# [What you need to do]
Only the lines below from the one containing "試料をゲルマニウム半導体検出器にセット" through the one containing "Vue depuis le nord-est. IVR32_20178005108NUCA" belong in the answer, set down exactly, with the pictures left out.

(Data extracted from a collection)

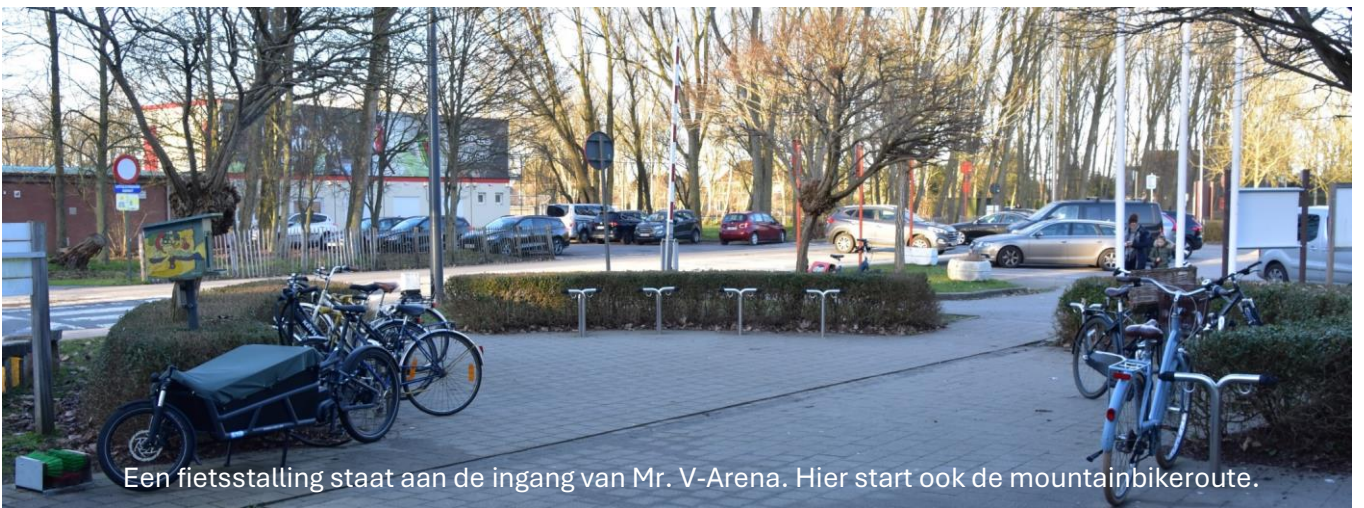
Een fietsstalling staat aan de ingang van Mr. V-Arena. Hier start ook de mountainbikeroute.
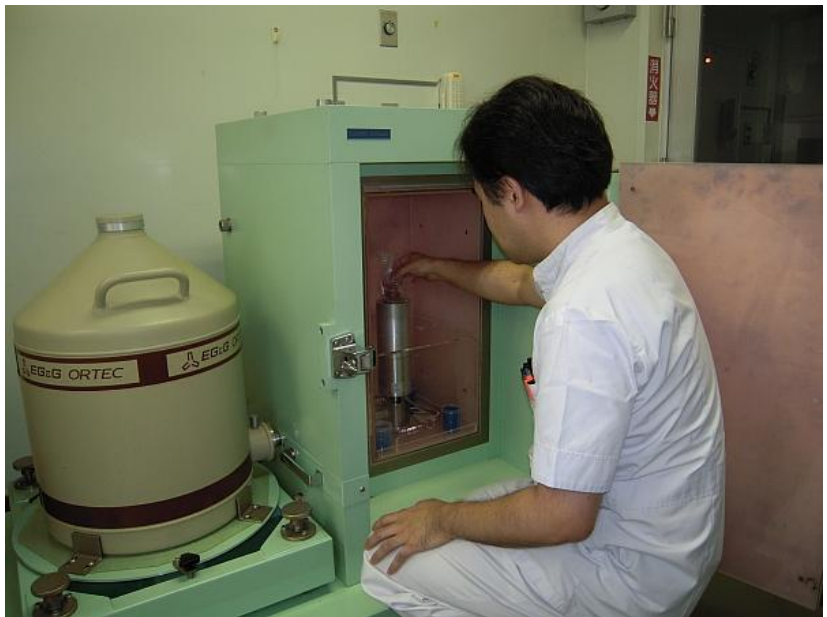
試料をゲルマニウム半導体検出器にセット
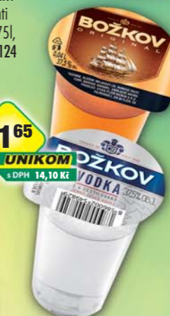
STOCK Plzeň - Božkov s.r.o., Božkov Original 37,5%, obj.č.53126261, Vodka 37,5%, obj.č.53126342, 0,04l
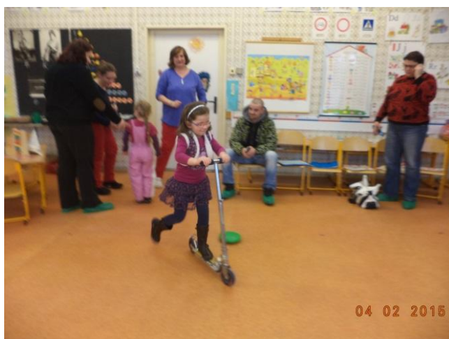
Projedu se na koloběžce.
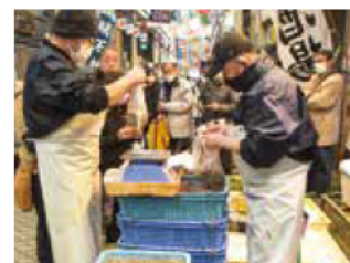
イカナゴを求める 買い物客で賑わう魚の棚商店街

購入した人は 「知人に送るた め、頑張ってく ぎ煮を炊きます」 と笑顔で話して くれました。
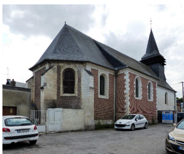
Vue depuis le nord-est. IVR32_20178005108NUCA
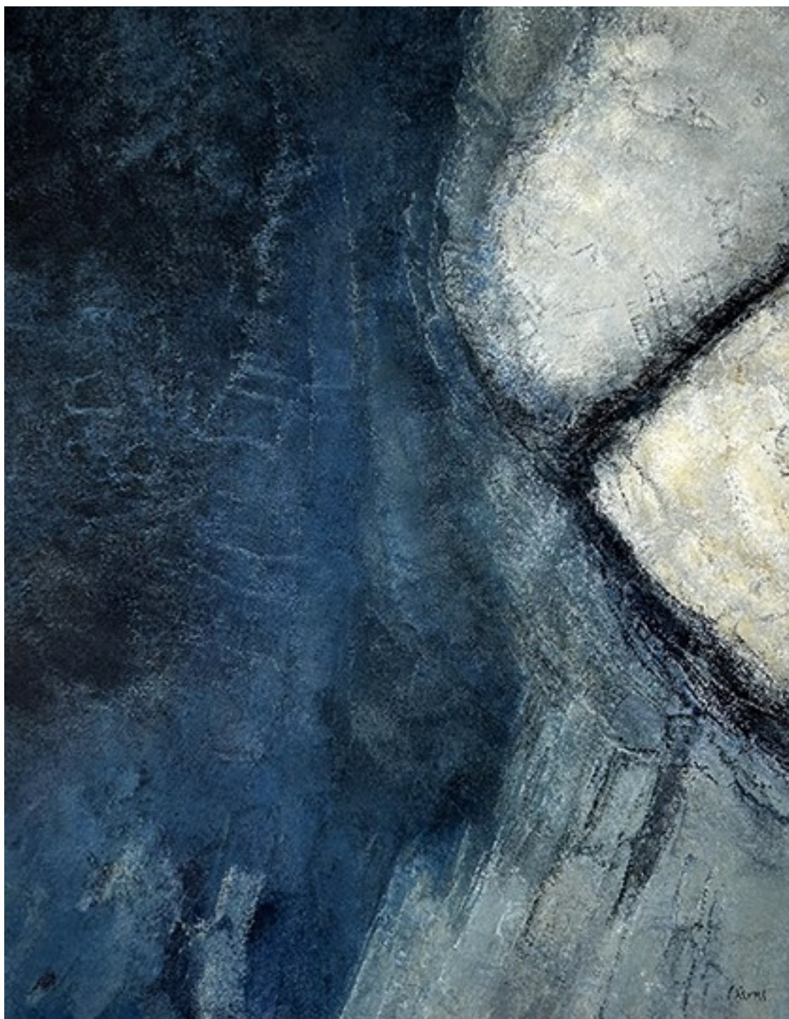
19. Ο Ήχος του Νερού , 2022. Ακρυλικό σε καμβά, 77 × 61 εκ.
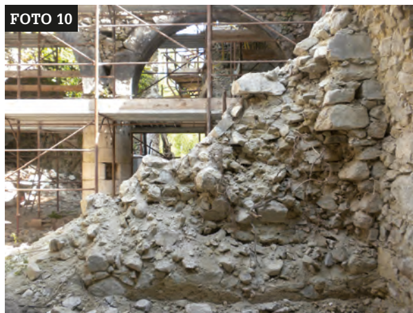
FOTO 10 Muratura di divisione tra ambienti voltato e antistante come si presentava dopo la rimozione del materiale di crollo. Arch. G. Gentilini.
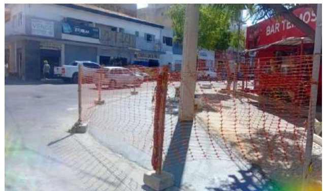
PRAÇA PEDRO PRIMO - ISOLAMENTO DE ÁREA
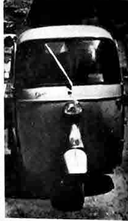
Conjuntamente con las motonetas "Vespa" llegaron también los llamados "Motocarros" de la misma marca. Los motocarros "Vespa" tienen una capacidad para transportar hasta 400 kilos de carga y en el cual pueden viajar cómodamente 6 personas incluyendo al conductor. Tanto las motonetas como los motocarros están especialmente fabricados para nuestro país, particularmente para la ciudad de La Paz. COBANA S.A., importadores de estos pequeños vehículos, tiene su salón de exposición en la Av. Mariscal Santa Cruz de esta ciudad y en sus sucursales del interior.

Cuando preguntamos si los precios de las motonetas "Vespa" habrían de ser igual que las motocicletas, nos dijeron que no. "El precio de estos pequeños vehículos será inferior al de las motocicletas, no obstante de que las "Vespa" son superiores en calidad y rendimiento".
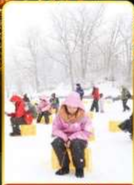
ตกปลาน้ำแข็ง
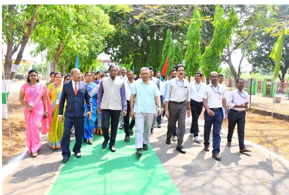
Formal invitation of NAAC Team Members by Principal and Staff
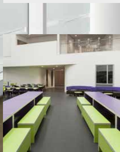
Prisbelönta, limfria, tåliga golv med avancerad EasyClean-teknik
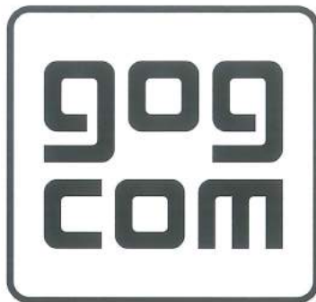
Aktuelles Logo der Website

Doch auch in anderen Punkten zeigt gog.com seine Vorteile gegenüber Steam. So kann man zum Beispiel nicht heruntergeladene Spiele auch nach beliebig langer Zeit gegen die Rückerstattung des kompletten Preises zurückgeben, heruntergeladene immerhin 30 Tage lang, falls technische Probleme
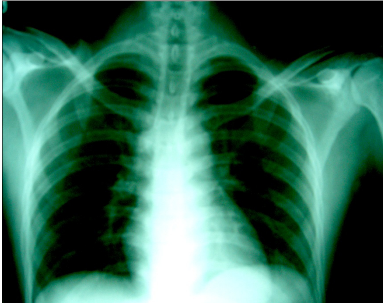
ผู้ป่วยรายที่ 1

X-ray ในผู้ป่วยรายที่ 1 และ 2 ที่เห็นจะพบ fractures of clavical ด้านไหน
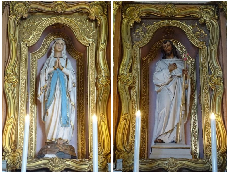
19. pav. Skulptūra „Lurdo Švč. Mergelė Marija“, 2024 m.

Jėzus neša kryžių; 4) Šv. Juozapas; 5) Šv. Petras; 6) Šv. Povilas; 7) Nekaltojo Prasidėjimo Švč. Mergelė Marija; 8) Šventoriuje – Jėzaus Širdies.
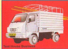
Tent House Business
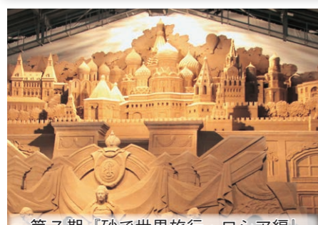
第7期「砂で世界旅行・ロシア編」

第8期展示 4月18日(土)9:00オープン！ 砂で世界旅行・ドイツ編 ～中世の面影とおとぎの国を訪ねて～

# [Your solution]
試料をゲルマニウム半導体検出器にセット
STOCK Plzeň - Božkov s.r.o., Božkov Original 37,5%, obj.č.53126261, Vodka 37,5%, obj.č.53126342, 0,04l
Projedu se na koloběžce.
イカナゴを求める 買い物客で賑わう魚の棚商店街

購入した人は 「知人に送るた め、頑張ってく ぎ煮を炊きます」 と笑顔で話して くれました。
Vue depuis le nord-est. IVR32_20178005108NUCA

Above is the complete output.